Why sports teams should steer clear of racist mascots
May 17, 2019
As a favored American pastime, sports entertain those of all ages, unifying families and creating friendships. Sports fans recognize their favorite mascots as markers of their team’s accomplishments, and high schools continue to take after these college and national team figures. However, these mascots repeatedly mock ethnic and racial groups.
The controversial mascot at Coachella Valley High School in California depicted their mascot as an Arab man. Their stereotypical portrayal of the Arab community prompted national attention.
“Other school buildings are covered in murals that have been called stereotypical, including a lamp and a book that looks like a flying carpet. These images drew the attention of the American-Arab Anti- Discrimination Committee, a civil rights group in Washington, D.C. Last November, the group sent a letter accusing the district of ‘orientalist stereotyping,’ thrusting the school into a national media spotlight,” reporter for USA Today Brett Kelman said.
Besides the use of ethnic groups as mascots at a high school level, racism extends of higher capacity at the professional level. The Cleveland Indians, use Chief Wahoo as their mascot, himself a caricature of the red-skinned Native American. This depiction alludes to the racial slur which Native Americans find offensive.

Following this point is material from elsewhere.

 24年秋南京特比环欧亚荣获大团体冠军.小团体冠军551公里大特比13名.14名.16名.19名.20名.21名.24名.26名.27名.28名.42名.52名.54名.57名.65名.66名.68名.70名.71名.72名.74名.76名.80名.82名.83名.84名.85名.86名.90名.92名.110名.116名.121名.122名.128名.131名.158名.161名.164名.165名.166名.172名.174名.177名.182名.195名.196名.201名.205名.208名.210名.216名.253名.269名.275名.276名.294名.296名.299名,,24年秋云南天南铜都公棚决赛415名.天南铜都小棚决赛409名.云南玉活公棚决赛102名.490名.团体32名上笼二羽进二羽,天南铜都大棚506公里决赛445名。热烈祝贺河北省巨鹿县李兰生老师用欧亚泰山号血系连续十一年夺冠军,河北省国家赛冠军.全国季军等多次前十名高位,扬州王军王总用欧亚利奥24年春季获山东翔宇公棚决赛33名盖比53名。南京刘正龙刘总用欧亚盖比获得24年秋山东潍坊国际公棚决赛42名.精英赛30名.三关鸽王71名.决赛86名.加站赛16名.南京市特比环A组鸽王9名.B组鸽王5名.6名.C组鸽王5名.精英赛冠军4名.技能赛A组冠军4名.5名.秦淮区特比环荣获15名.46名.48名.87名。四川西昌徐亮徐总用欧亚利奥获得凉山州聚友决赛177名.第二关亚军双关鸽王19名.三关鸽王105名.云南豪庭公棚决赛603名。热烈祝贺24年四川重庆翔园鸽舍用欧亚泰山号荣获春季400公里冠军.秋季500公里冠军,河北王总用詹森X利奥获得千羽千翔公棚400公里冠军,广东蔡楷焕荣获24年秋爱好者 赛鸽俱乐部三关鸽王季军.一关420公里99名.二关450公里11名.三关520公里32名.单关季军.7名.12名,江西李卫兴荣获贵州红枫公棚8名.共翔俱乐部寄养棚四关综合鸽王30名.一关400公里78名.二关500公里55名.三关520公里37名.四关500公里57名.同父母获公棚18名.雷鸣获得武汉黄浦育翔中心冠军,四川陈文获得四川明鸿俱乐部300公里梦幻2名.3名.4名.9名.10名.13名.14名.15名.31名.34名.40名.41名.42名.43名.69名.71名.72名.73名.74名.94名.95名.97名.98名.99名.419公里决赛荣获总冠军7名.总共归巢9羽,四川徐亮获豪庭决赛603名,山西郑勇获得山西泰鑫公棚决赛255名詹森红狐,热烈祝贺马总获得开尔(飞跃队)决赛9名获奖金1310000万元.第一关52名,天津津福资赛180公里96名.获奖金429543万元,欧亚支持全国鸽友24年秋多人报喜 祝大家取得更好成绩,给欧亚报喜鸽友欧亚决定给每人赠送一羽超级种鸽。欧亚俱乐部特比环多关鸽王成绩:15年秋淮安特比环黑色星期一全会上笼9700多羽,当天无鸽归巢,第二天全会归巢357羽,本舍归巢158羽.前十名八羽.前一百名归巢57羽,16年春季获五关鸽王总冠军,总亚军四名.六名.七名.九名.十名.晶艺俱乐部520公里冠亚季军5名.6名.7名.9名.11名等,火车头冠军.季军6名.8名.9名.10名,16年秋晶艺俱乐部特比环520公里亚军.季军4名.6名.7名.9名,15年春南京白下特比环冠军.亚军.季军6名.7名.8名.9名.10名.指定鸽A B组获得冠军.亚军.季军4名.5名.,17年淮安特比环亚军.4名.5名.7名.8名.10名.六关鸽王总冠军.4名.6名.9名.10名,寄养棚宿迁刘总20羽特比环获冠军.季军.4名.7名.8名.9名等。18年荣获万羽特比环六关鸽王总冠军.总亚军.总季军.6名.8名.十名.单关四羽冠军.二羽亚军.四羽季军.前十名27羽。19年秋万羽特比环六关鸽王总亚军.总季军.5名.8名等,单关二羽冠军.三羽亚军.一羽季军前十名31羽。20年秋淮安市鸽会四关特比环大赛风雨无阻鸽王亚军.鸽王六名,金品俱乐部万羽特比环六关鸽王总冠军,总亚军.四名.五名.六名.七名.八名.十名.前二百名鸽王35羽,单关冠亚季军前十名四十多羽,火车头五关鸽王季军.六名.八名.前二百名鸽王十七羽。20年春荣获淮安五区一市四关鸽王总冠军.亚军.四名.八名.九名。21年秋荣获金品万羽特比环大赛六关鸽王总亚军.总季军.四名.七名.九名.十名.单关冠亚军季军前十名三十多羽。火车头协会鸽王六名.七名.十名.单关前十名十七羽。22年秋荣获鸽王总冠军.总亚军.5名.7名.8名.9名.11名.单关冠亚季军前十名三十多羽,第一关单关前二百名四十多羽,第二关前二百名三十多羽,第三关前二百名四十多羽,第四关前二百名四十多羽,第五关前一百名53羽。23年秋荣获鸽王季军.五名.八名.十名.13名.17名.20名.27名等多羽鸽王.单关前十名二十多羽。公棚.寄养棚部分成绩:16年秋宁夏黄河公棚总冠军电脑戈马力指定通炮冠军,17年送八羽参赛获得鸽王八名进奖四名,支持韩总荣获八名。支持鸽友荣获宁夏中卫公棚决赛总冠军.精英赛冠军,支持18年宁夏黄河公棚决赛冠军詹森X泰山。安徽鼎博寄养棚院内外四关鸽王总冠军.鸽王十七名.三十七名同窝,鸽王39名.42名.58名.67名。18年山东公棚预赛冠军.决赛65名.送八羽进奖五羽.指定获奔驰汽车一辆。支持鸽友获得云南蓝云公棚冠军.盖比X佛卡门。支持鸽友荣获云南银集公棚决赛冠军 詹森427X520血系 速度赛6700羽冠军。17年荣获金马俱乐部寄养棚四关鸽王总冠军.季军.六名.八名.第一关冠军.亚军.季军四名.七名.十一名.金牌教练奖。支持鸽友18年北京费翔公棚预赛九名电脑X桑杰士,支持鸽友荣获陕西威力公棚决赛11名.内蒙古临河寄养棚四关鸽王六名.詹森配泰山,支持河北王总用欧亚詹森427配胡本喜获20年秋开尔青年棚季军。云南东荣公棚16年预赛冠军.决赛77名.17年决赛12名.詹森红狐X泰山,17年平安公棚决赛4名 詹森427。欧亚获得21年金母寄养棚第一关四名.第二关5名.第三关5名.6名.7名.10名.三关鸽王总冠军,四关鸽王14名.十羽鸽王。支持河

“I do think that Native American mascots are offensive. I may not be Native American myself, but these mascots have a racist history and are made to make fun of Native Americans. All it takes [to lessen controversy] is to remove them,” NC Magnet junior Kobe Lester said.
The ridicule that Native Americans face through constant use of racial slurs and slander leads to emotional issues, including lower self-esteem soon developing.

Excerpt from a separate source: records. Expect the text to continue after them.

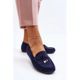 Damskie Zamszowe Klasyczne Mokasyny Granatowe Ontala
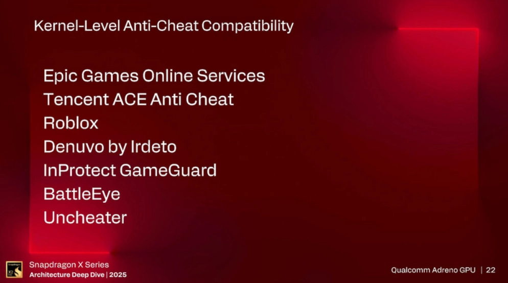 A significant portion of this improvement is contributed by the support for natively Arm-based anti-cheat technologies. Such solutions now include Epic Games Online Services (EAC), Tencent ACE Anti-Cheat, Denuvo, GameGuard, and others with an Arm equivalent, allowing stable execution of major titles such as Fortnite.
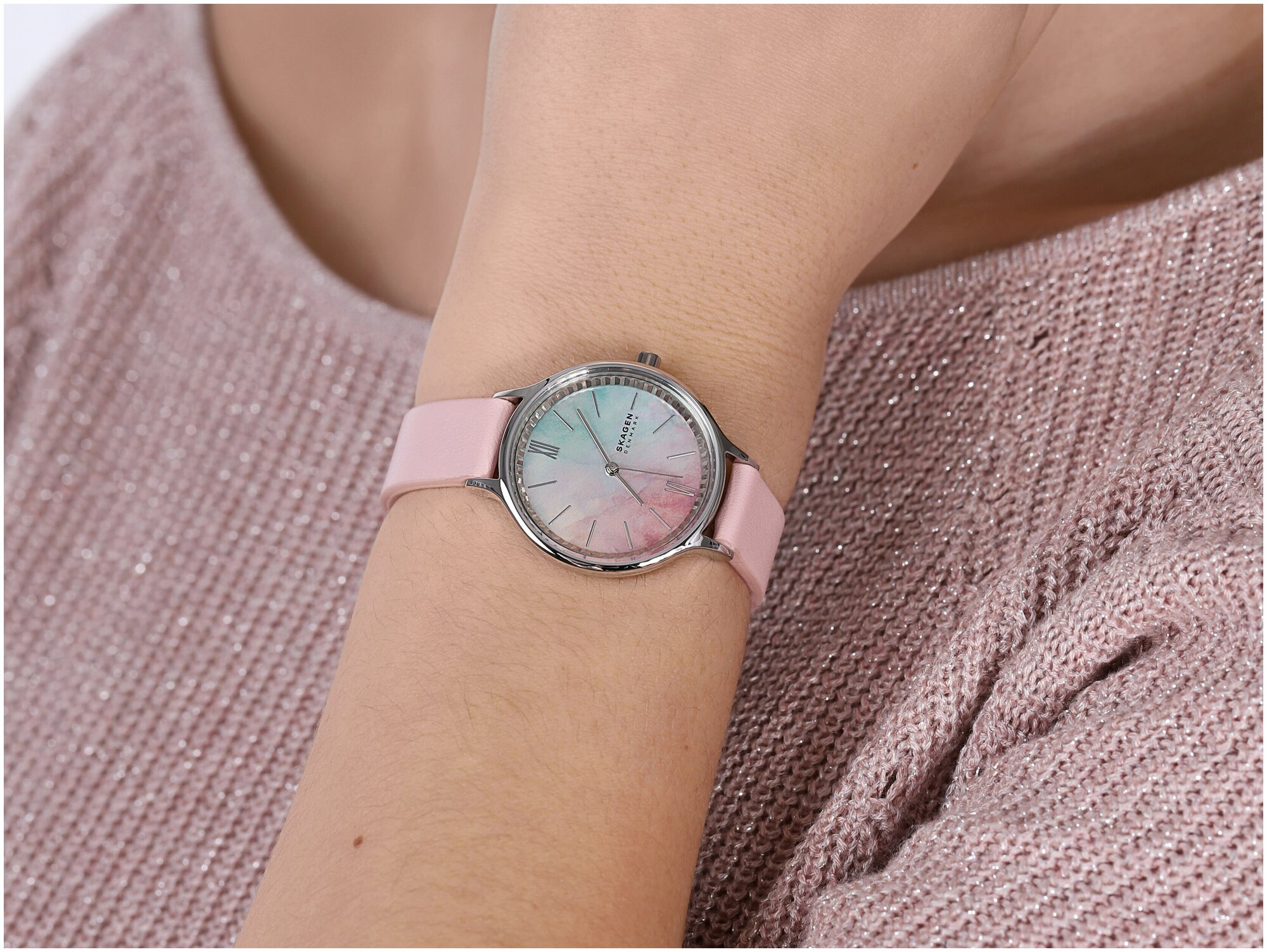 Лучшие цены. Женские часы. Коллекция Anita. Стильные часы станут прекрасным дополнением элегантного образа. Тип механизма: кварцевый. Корпус: сталь. Циферблат: перламутровый розовый, голубой. Браслет: кожаный ремешок. Водозащита: 30WR. Стекло: минеральное. Габаритные размеры: D 30мм. Магазины в вашем городе.
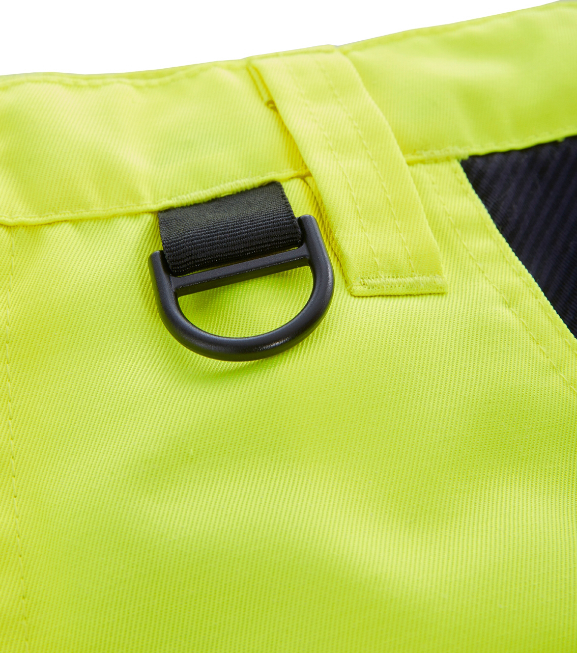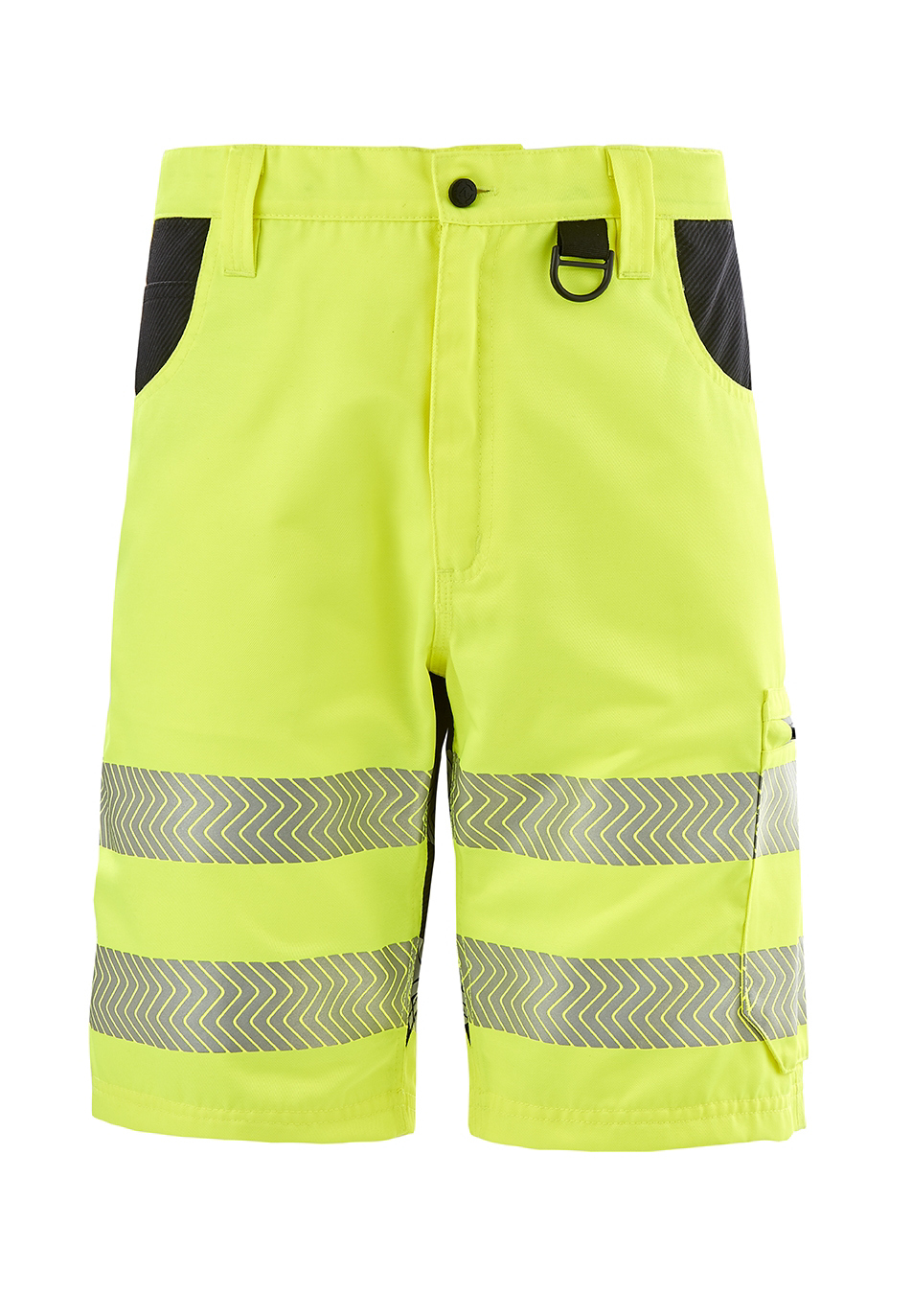 Zertifiziert nach EN ISO 13688:2013 (allgemeine Anforderungen) und EN ISO 20471:2013+A1:2016 (Warnschutz) Klasse 1. Hervorragende Passform dank ergonomischer, körpernaher Schnittform in Verbindung mit Stretcheinsätzen. Das belastbare Twill-Gewebe ist gleichzeitig angenehm weich und geschmeidig. Segmentierte, auflaminierte, 5 cm breite Reflexstreifen, umlaufend um die Hosenbeine der Shorts. Dunkel abgesetzte Besätze am Hosenboden verhindern ein leichtes Anschmutzen. Taschenböden aus abriebfestem Oxford-Gewebe. Eine Cargotasche auf dem linken Hosenbein. 2 Eingriffstaschen vorn, 2 Gesäßtaschen, eine mit und eine ohne Taschenklappe. Zollstocktasche und Hammerschlaufe auf der rechten, hinteren Beinseite. Eine Klettlasche zur Befestigung diverser Tools und D-Ring am Taillenbund sowie eine verstellbare Bundweite.

“The use of American Indian mascots as symbols in schools and university athletic programs is particularly troubling because schools are places of learning. These mascots are teaching stereotypical, misleading and too often, insulting images of American Indians. These negative lessons are not just affecting American Indian students; they are sending the wrong message to all students,” former American Psychological Association (APA) President Ronald F. Levant said.
Sports teams boast Native American mascots as figures of strength, while those of Native American descent faced hardships like cultural genocide and forced assimilation.

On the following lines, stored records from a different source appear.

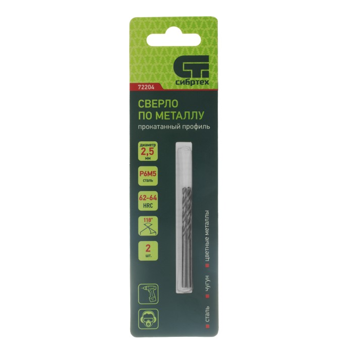 Сверло по металлу Сибртех 72204 диаметром 2,5 мм, 2 шт. в упаковке, имеет угол заточки 118°, оптимальный для получения отверстий в черных и тяжелых металлах, в том числе стали, чугуне и твердой бронзе. Отличается наиболе...
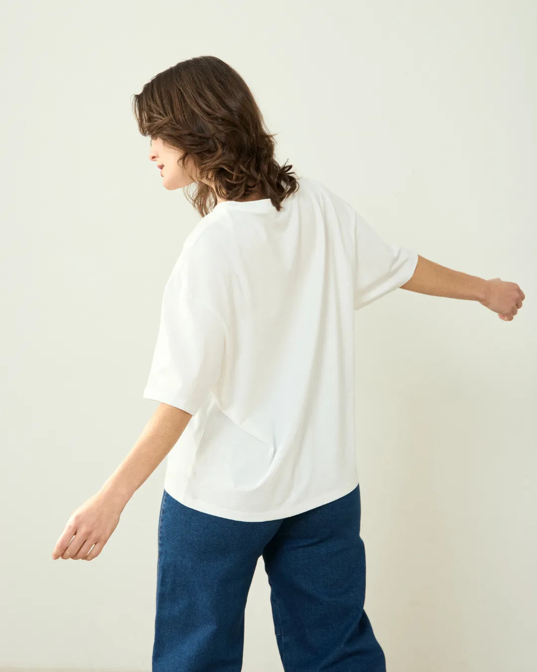 Camiseta de manga corta blanca de algodón 100% orgánico con la flor de Clotsy bordada. Cómoda, fresquita y súper suave al tacto. Confeccionada en Portugal.
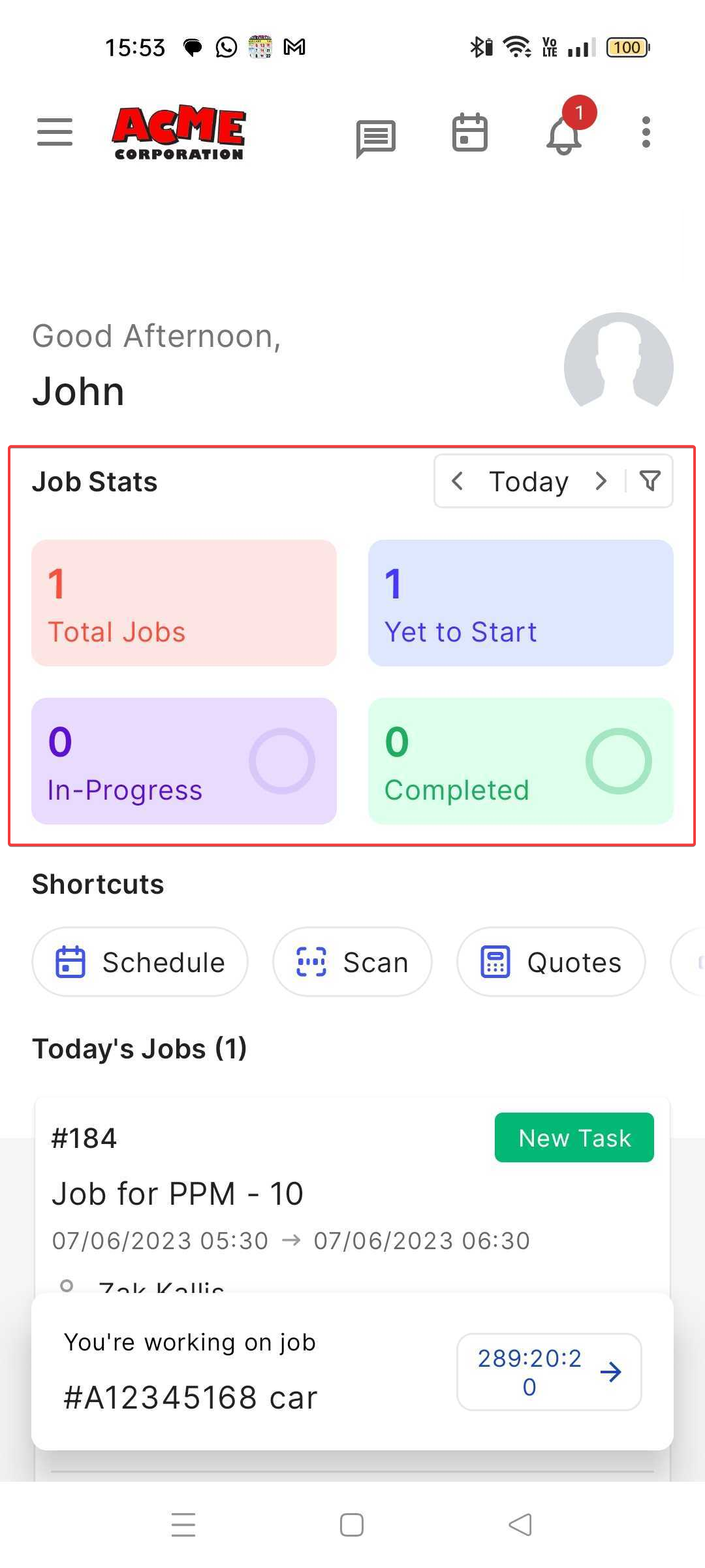 1. Login to the Zuper Mobile App, and you can view the Job statistics directly.

“Gover (Director of the National Museum of the American Indian) offers an alternative definition that he’s heard for that word. ‘Heritage,’ he says, ‘is history with all the bad parts taken out.’ Excise genocide, betrayal[,] and broken treaties; substitute pride, nobility[,] and endurance. ‘It doesn’t feel like an honor when you do not confront the truth of the people you claim to be honoring,’ Gover says. They never honor the Native American truth. They are honoring their own notion of heritage, their own non-Indian version of history,” USA Today reporter Erik Brady said.
The argument that sports teams use ethnic groups to honor their culture remains invalid as the offensive depiction of these cultures proves otherwise. Despite the supposed history surrounding mascots, the traditions of using offensive mascots exist as unnecessary.